Bugün, dedelerimizin, anneannelerimizin zamanında var olmayan yüzlerce toksine maruz kalıyoruz. Bu kadar toksine maruz kalıyoruz ama bu zararı telafi edecek besinlerden de yararlanmıyoruz. Yediklerimiz bizi beslemek şöyle dursun hasta ediyor. Bir süpermarketten aldığınız paketlenmiş bir gıdanın içinde aklınıza, hayalinize bile gelmeyen katkı maddeleri, kimyasallar var. Bir fast-food restoranına gittiğinizde önünüze gelen hamburgerde, patates kızartmasındaki en tehlikeli, en zararlı bileşenin trans yağlar olduğunu düşünüyorsanız yanıldığınızı söyleyebilirim. Kanser salgınının sorumlusu işte tüm bu unsurların bir araya gelmesidir. Tam anlamıyla kusursuz bir fırtına.
Sağlıklı bir birey olmak için 5 altın öneriniz nedir?
− Şekeri, tatlıyı, buğday ürünlerini hayatınızdan çıkarın.
− Sebzeleri, meyveleri mevsiminde tüketin.

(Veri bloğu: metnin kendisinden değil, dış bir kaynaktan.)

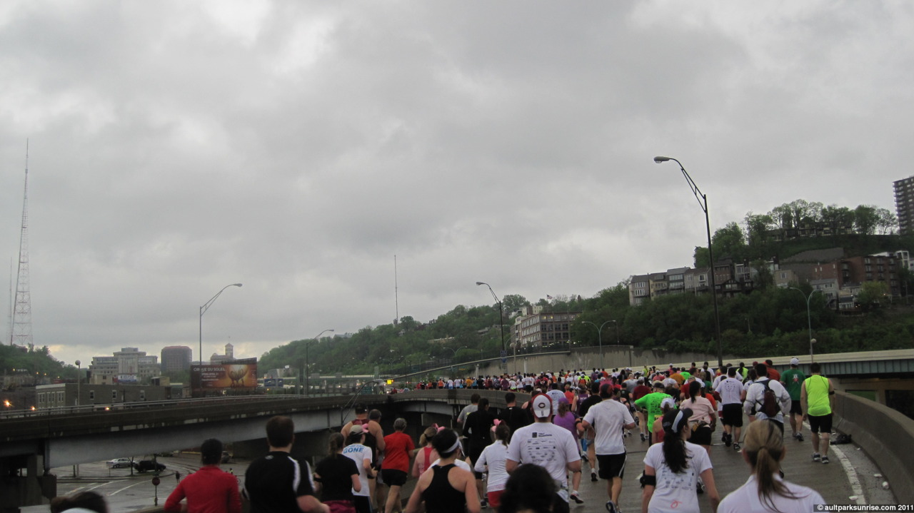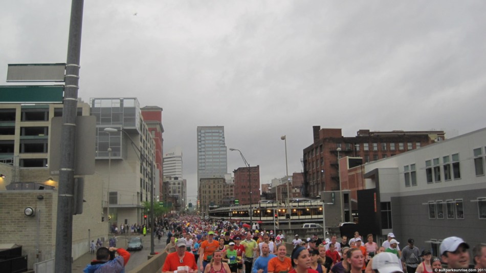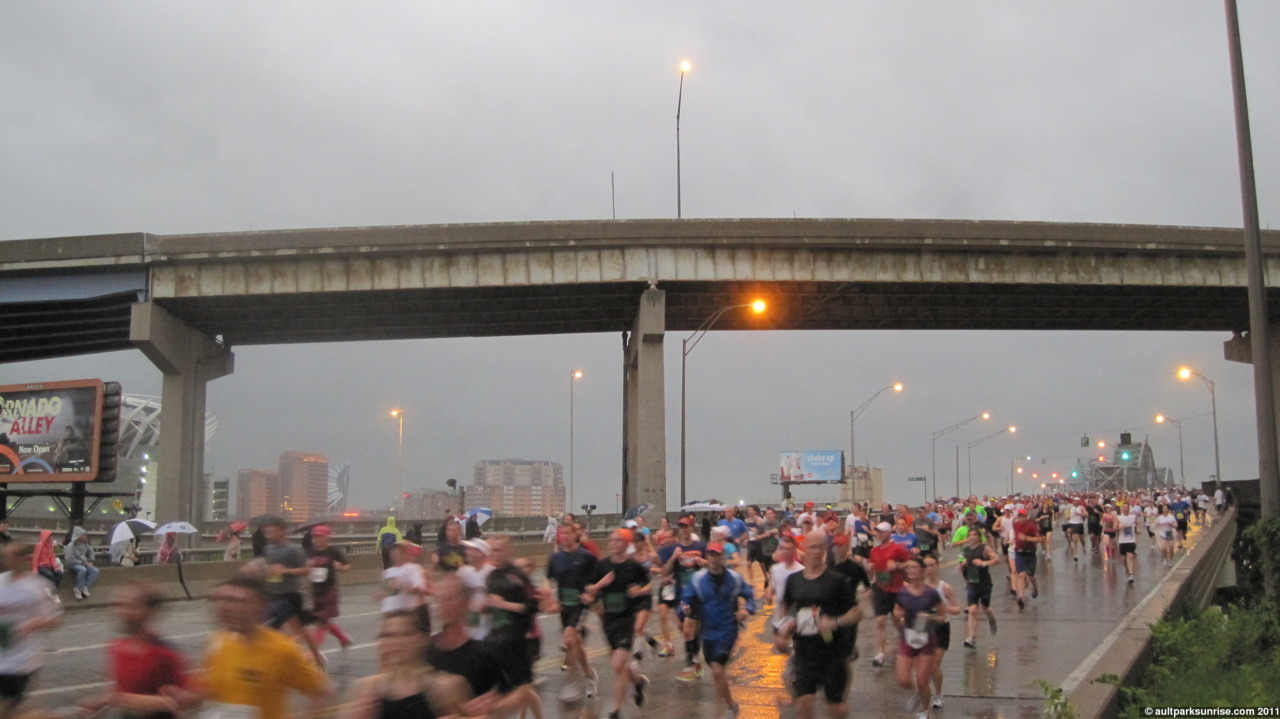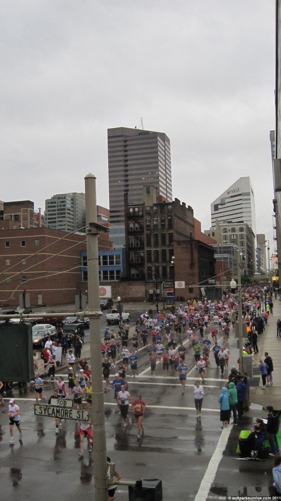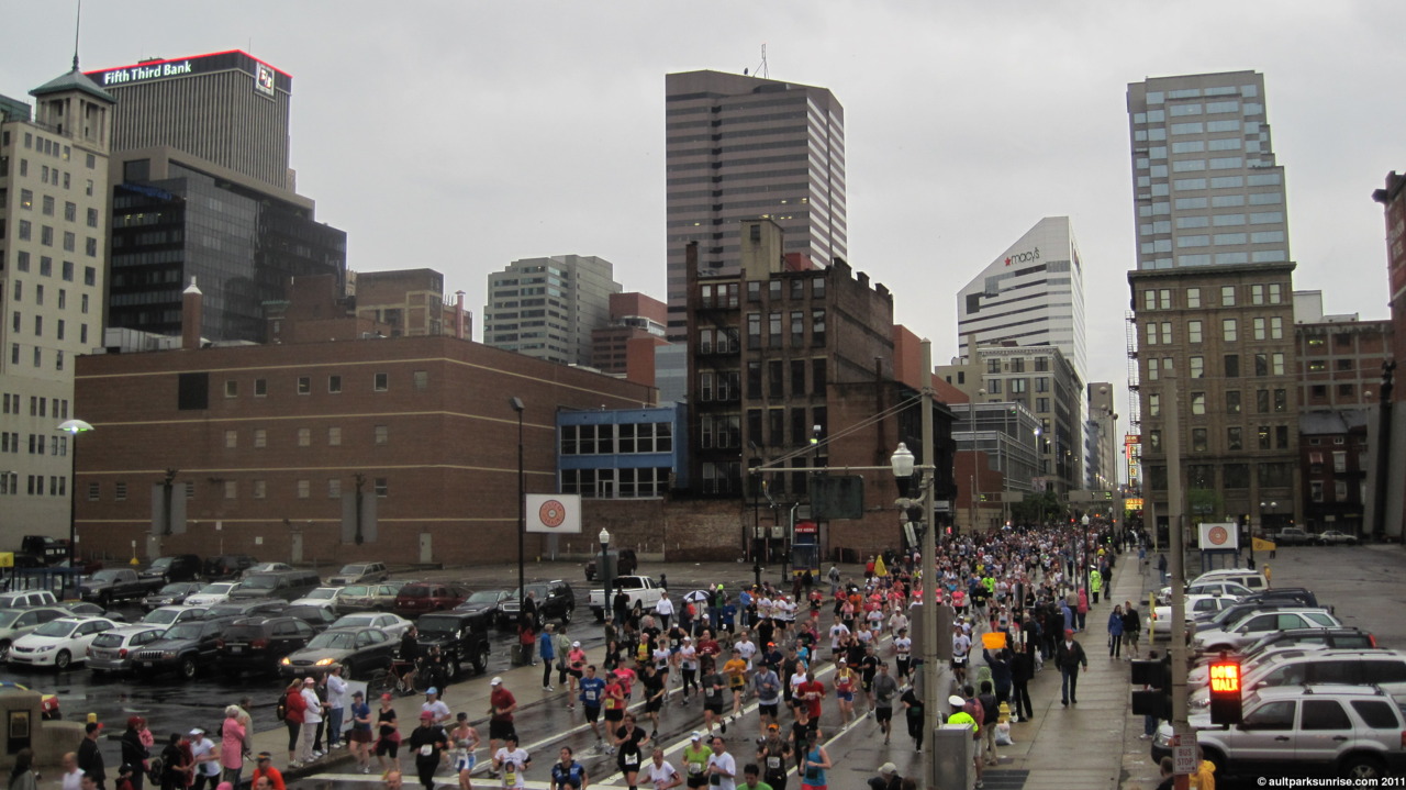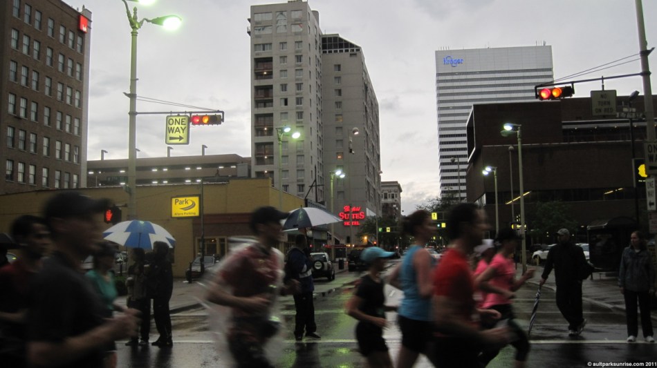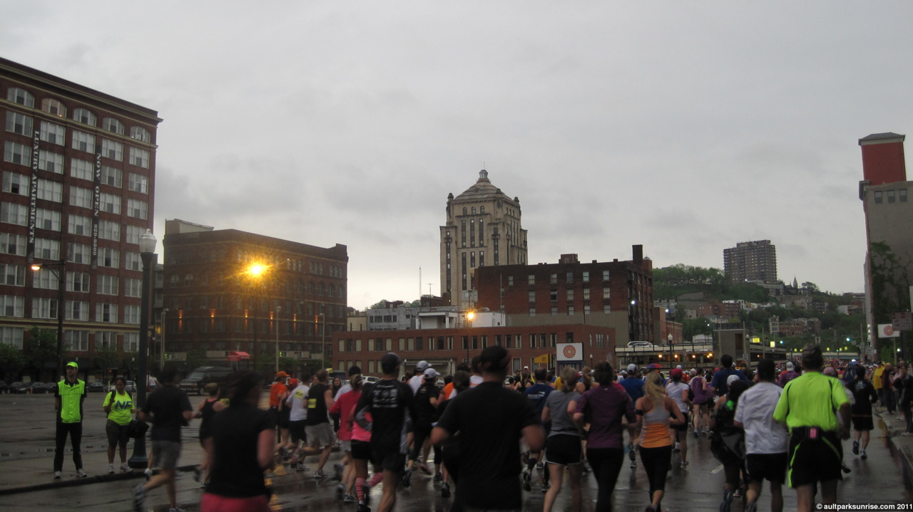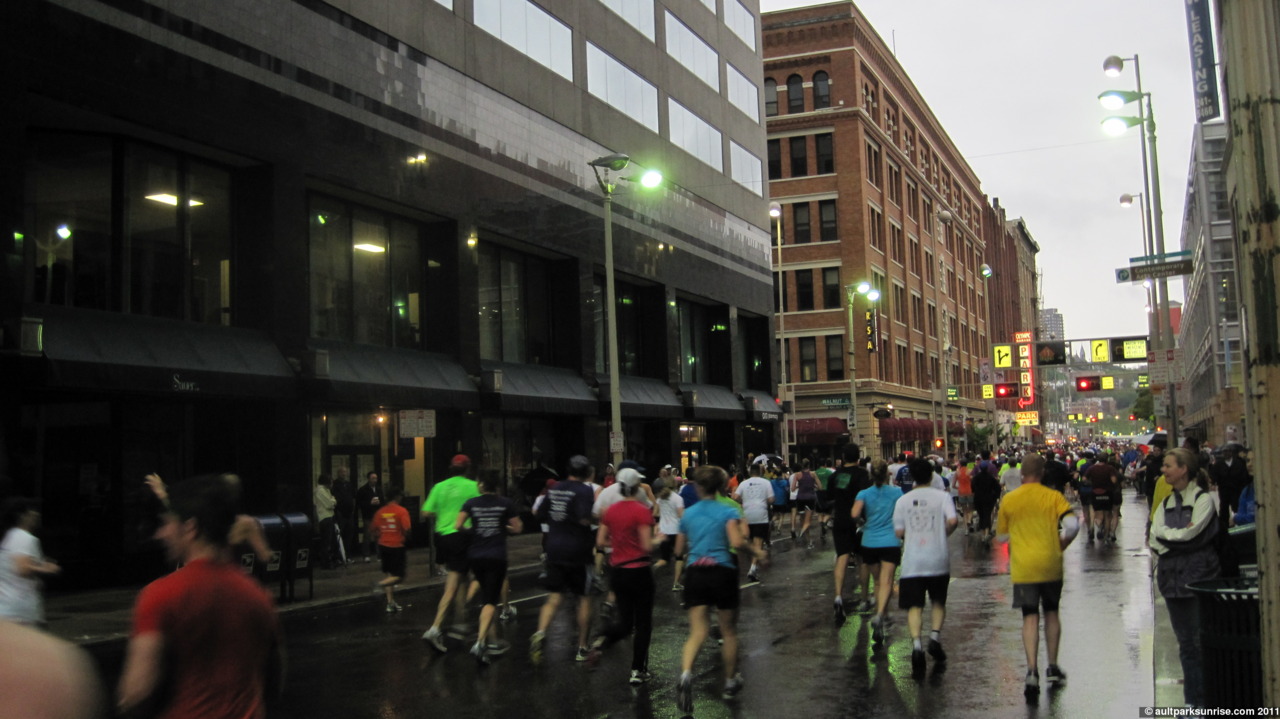 I realized that this morning would be Sunrise 20, a highly appropriate halfway point on the way to 40 sunrises! I had grandeur visions of seeing the sun rise 15 minutes after the race started (did I mention I’m only a spectator?) over the river. There would have been some great orange skies to be seen through the sky scrapers. This didn’t pan out, however, because the sky stayed a flat gray for the entire race. I still got some great pictures of some flying pig runners and old downtown buildings. (Click to continue if you’re on the front page –>)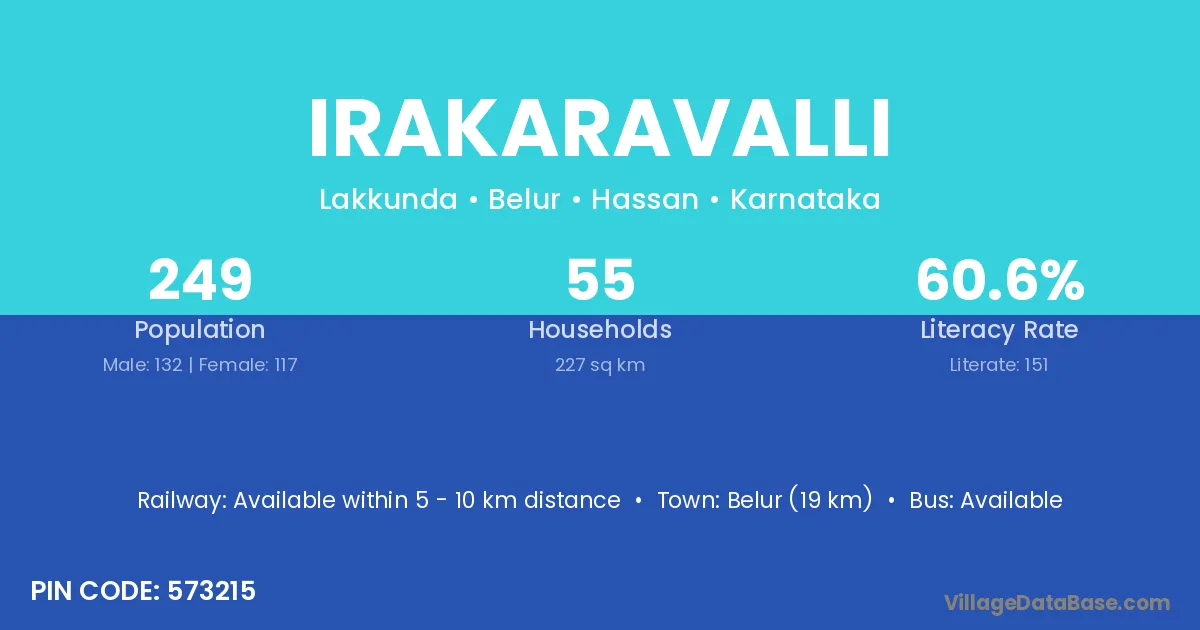 Belur (19 km) is the nearest town to Irakaravalli village for major economic activities and is located approximately 19 km away.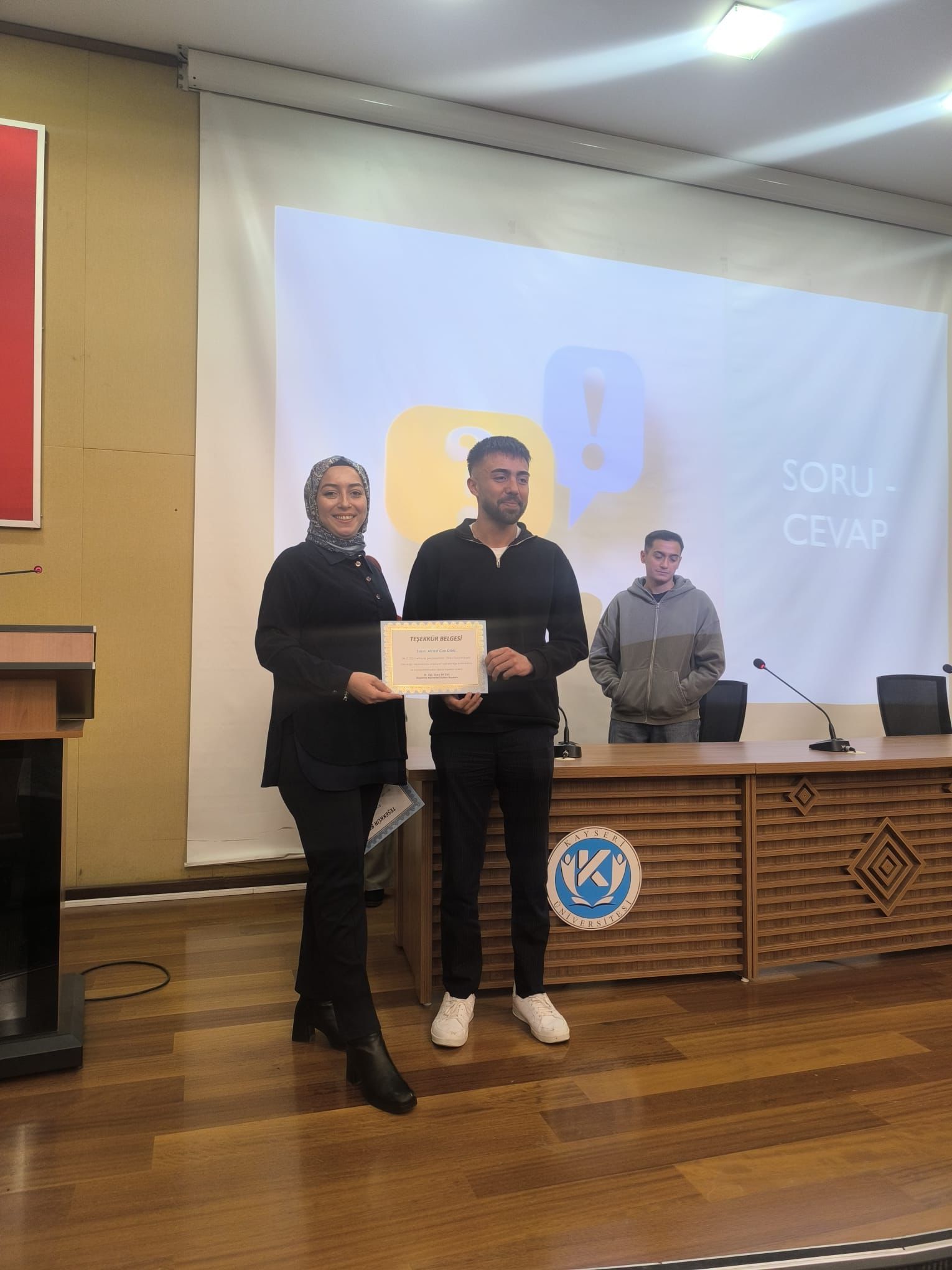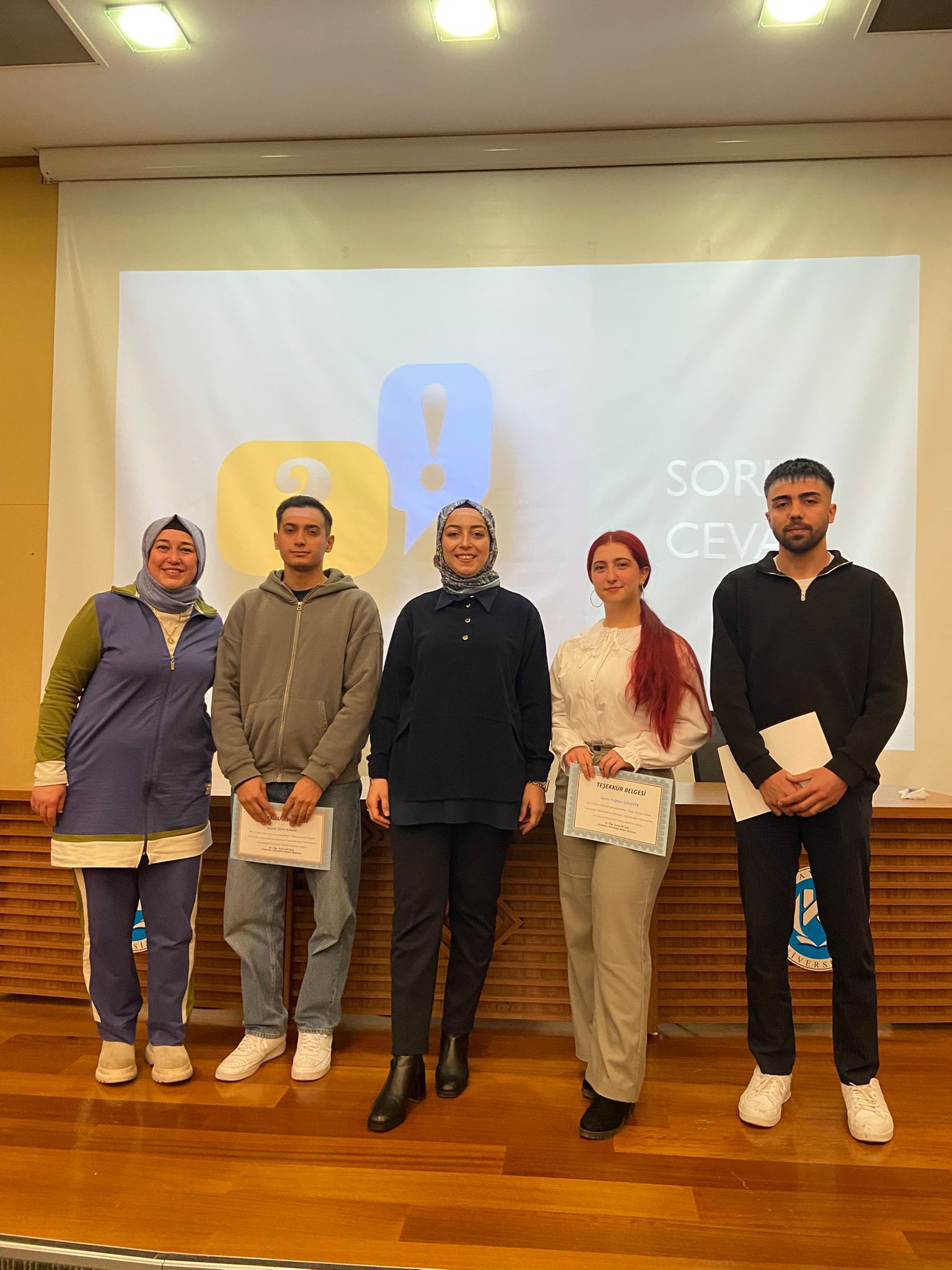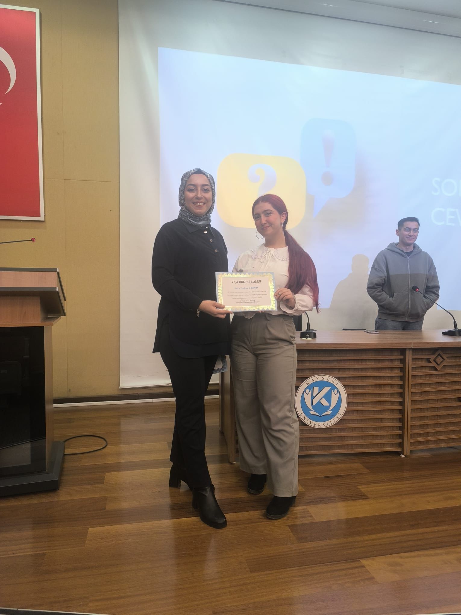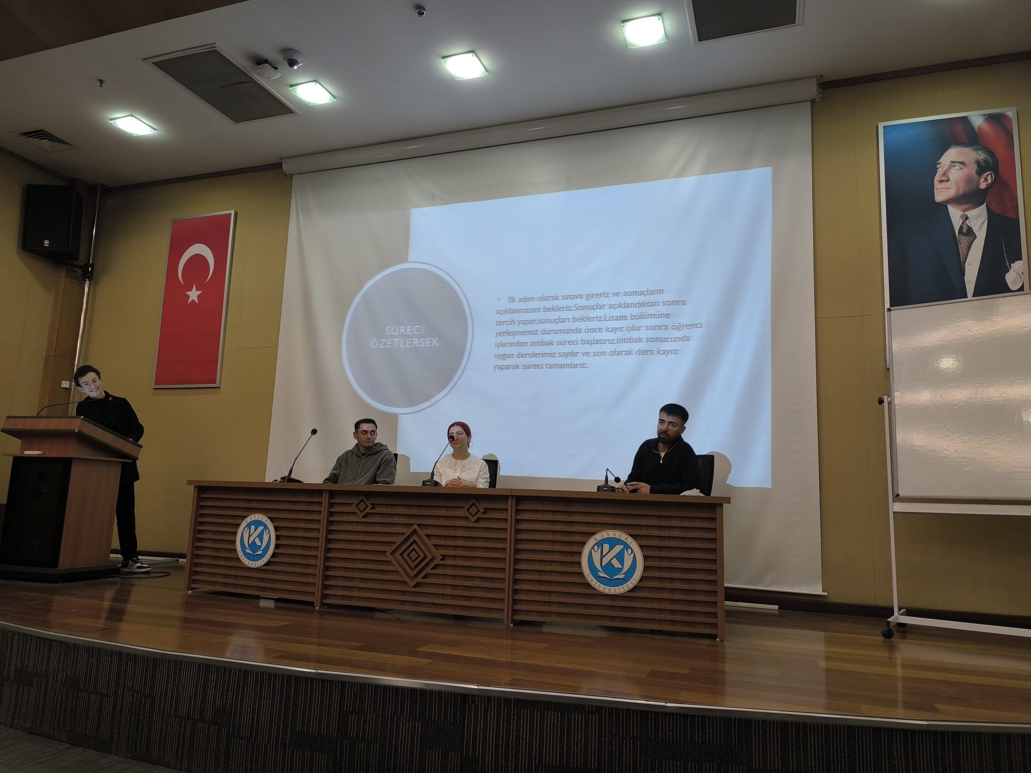 08.12.2025 tarihinde Ulaştırma Hizmetleri Bölüm Başkanı Dr. Öğr. Üyesi Elif ÜZEL ve Öğr. Gör. Seda ÇOLAK'ın katkılarıyla hazırlanan "Dikey Geçişte Başarı Yolculuğu: Mezunlarımız Anlatıyor" konulu etkinlikte DGS ile ERÜ Havacılık Yönetimi bölümünü kazanan öğrencilerimiz Ahmet Can ÜNAL, Yağmur GÜLSEVER ve Sami KABAK tecrübe paylaşımında bulunmuşlardır. Soru cevap ile desteklenen etkinliğin hem 1. sınıf hem de 2. sınıf öğrencilerine fayda sağladığı gözlemlenmiştir.

− Yediğiniz tavuğu, yumurtayı, eti özenle seçin.
− Evinizde yoğurt mayalayın, turşu kurun.
− Hareketli bir yaşam sürün.
Doktorluk ve yazarlık kimliğinizin yanında iyi bir okur musunuz? Bir başucu kitabınız var mı?
İyi bir okurum. Çok yoğun bir tempoda çalışsam da okumaya her zaman vakit ayırırım. Sevdiğim pek çok kitap, pek çok yazar var ama Ahmet Hamdi Tanpınar’ın Saatleri Ayarlama Enstitüsü’nün yeri ayrıdır.
Kitabın Ortası okurlarına okumaları için tavsiye edebileceğiniz kitaplar var mı?
İlber Ortaylı’nın tüm kitapları, Gabriel Garcia Marquez –özellikle de Yüzyıllık Yalnızlık; Stefan Zweig Amok Koşucusu; Sait Faik Abasıyanık özellikle de Mahalle Kahvesikitabındaki “Sinağrit Baba” hikâyesi… Oğuz Atay tüm kitapları ama özellikle Tutunamayanlar; İhsan Oktay Anar Puslu Kıtalar Atlası ve Turgut Uyar’ın, Cemal Süreya’nın tüm şiir kitapları…
“Dr. Ümit Aktaş: Hastalıkları önlemenin tek yolu doğru beslenmek”, Kitabın Ortası dergisi, Nisan 2019, sayı 25.